3. What can happen when we measure a qubit?

A. We get a classical result, either 0 or 1 B. We always get both 0 and 1 C. The qubit disappears from the universe D. We learn everything about the qubit perfectly

4. Why is measuring a qubit different from reading a classical bit?

A. Measuring a qubit can change its state B. Classical bits cannot be read C. Qubits always give the same answer D. Classical bits are always random

5. What is superposition?

A. A computer being very fast B. A quantum state that combines possibilities C. A broken bit D. A type of programming language

6. Which is a useful beginner picture for a qubit in superposition?

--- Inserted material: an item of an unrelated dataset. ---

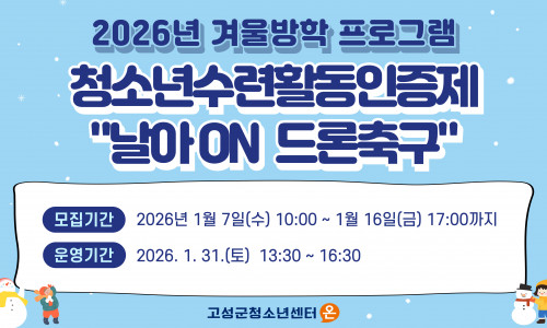 2026년 고성군청소년센터"온" 겨울방학 프로그램 참가자 모집 ![]()

A. A light switch definitely off B. A light switch definitely on C. A spinning coin before it lands D. A printed number on paper

7. What is interference in quantum computing?

A. Noise from a radio B. A computer overheating C. Quantum possibilities strengthening or cancelling each other D. A mistake in binary arithmetic

8. Why is quantum parallelism not enough by itself?

A. Superpositions cannot exist B. Measurement only gives limited information C. Classical computers are always faster D. Qubits cannot be measured

9. How many possible bit strings are there for 3 bits?

A. 3 B. 6 C. 8 D. 9

10. In general, how many possible bit strings are connected with n qubits?

A. n B. 2n C. 2^n D. n^2

11. What is entanglement?

A. A normal wire connection between computers B. A special quantum link between systems C. A way of deleting information D. A type of classical bit

12. Why is entanglement important?

A. It lets us describe every qubit separately B. It is one of the features that makes quantum information different C. It stops measurement happening D. It makes computers use less electricity

13. Which statement is true?

A. Quantum computers solve every problem instantly. B. Quantum computers are just ordinary computers with smaller parts. C. Quantum computers may help with some special problems. D. Quantum computers do not use physics.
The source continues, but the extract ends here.